If you’re in the NICU as much as possible, it can also help your partner feel more confident. Your support can boost her wellbeing and mental health, and support her relationship with the baby and with you.
If you have to go back to work, any amount of time you can spend in the NICU is still good for your baby, your partner and you.
Most NICUs aim for family-centred care, and good communication with you is a big part of this. Although they’re busy looking after your baby, NICU staff will usually be happy to talk with you about any questions or concerns. Just try to aim for a balance between letting staff focus on your baby and asking questions.

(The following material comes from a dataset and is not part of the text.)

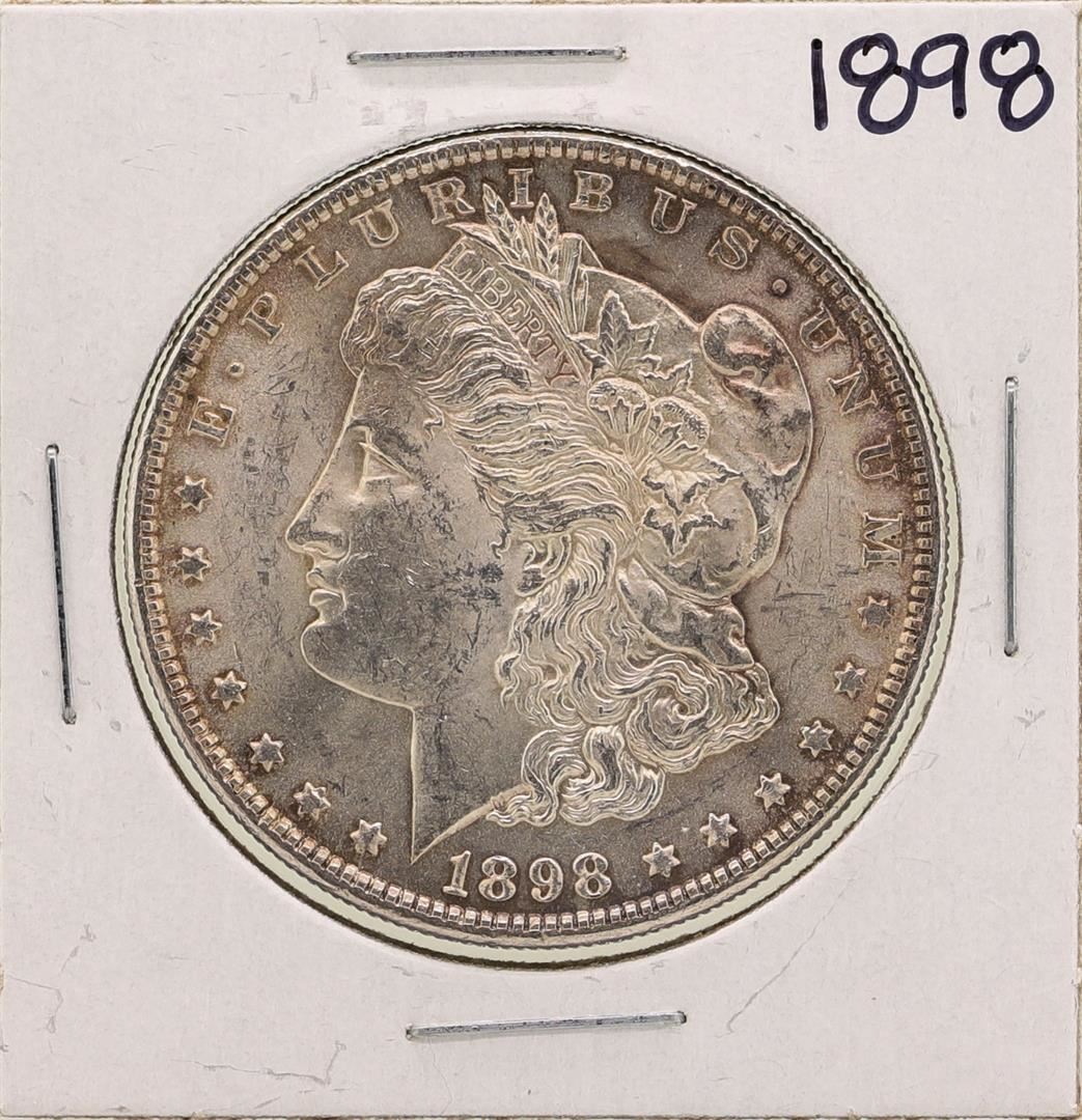 One 1898 $1 Morgan Silver Dollar Coin.

Your relationship with your partner when you have a premature baby
Having a premature baby can put strain on your relationship with your partner.
But it can also bring you closer to your partner as you go through the experience together. Many dads find that their relationship plays a big part in helping them cope with the experience of having a premature baby.
If your partner can’t get to the NICU or special care nursery in the first few days, you might like to take a photo or video of your baby to give to your partner after the birth. Hearing and seeing your baby can help your partner feel a bit better and more connected.
You can also help prepare your partner for the first visit by letting her know what to expect in the NICU.
Dads can get postnatal depression too. Read more in our article on depression in men during pregnancy and after birth.
Managing extra responsibilities when you have a premature baby in hospital
When your baby is in the NICU or special care nursery, you might feel like you have more responsibility than you’re ready for.
If you have other children, you’ll be juggling their needs and care, as well as bringing them into the NICU or special care nursery so they can see their mum and their new brother or sister.
As well as making trips into the hospital, you’ll probably be doing the shopping, keeping the house clean, going to work, organising visitors, and dropping off and picking up your other children.
If your partner is sent home while your baby is still in hospital, your partner is likely to be busy expressing breastmilk for the baby or spending a lot of time at the hospital. This means you could be busy managing home and family for quite a while.
Here are a few ideas to help you with managing all this:
- Talk openly and honestly with your partner about what’s happening for both of you. Good communication will help things run smoothly.
- Agree with your partner on who does what – and what doesn’t have to be done. For example, it might not matter if the house doesn’t get cleaned as often.
- Ask family members and friends for help with looking after other children.
- Look into ways to save time on household tasks. For example, it’s often quicker to shop online for groceries and have them delivered.
- Look into whether your workplace has any leave arrangements that might let you take some extra time off.
- Say ‘Yes, please!’ if someone offers to cook you a meal, do your shopping, pick up your children and so on.